Python parser performance optimizations
Hello, Back in March, I've posted a patch at http://bugs.python.org/issue26526 -- "In parsermodule.c, replace over 2KLOC of hand-crafted validation code, with a DFA". The motivation for this patch was to enable a memory footprint optimization, discussed at http://bugs.python.org/issue26415 My proposed optimization reduces the memory footprint by up to 30% on the standard benchmarks, and by 200% on a degenerate case which sparked the discussion. The run time stays unaffected by this optimization. Python Developer's Guide says: "If you don't get a response within a few days after pinging the issue, then you can try emailing python-dev@python.org<mailto:python-dev@python.org> asking for someone to review your patch." So, here I am. IMPORTANT NOTICE: The contents of this email and any attachments are confidential and may also be privileged. If you are not the intended recipient, please notify the sender immediately and do not disclose the contents to any other person, use it for any purpose, or store or copy the information in any medium. Thank you.
On Thu, May 26, 2016 at 10:19:05AM +0000, Artyom Skrobov wrote: [...]
The motivation for this patch was to enable a memory footprint optimization, discussed at http://bugs.python.org/issue26415 My proposed optimization reduces the memory footprint by up to 30% on the standard benchmarks, and by 200% on a degenerate case which sparked the discussion. The run time stays unaffected by this optimization.

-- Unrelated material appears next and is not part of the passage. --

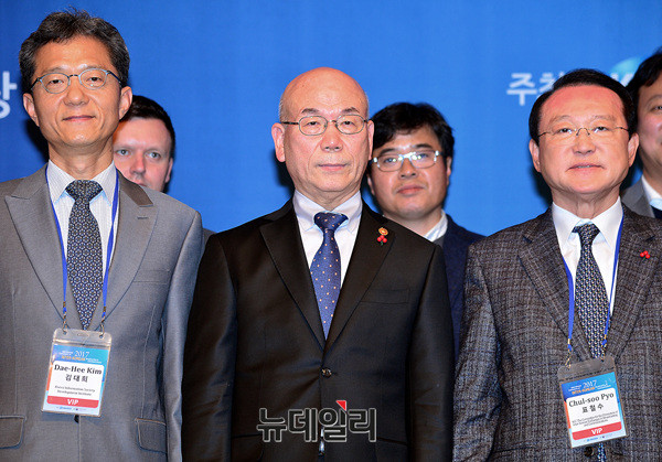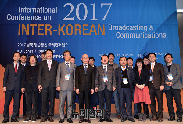 이효성 방송통신위원장과 관계자들이 5일 오후 한국프레스센터에서 열린 '2017 남북 방송통신 국제컨퍼런스'에 참석해 기념촬영을 하고 있다.

That can't be right. How can you reduce memory usage by more than one hundred percent? That would mean you have saved more memory than was originally used and are now using a negative amount of memory. -- Steve
On 05/29/2016 10:53 PM, Steven D'Aprano wrote:
On Thu, May 26, 2016 at 10:19:05AM +0000, Artyom Skrobov wrote: [...]
The motivation for this patch was to enable a memory footprint optimization, discussed at http://bugs.python.org/issue26415 My proposed optimization reduces the memory footprint by up to 30% on the standard benchmarks, and by 200% on a degenerate case which sparked the discussion. The run time stays unaffected by this optimization.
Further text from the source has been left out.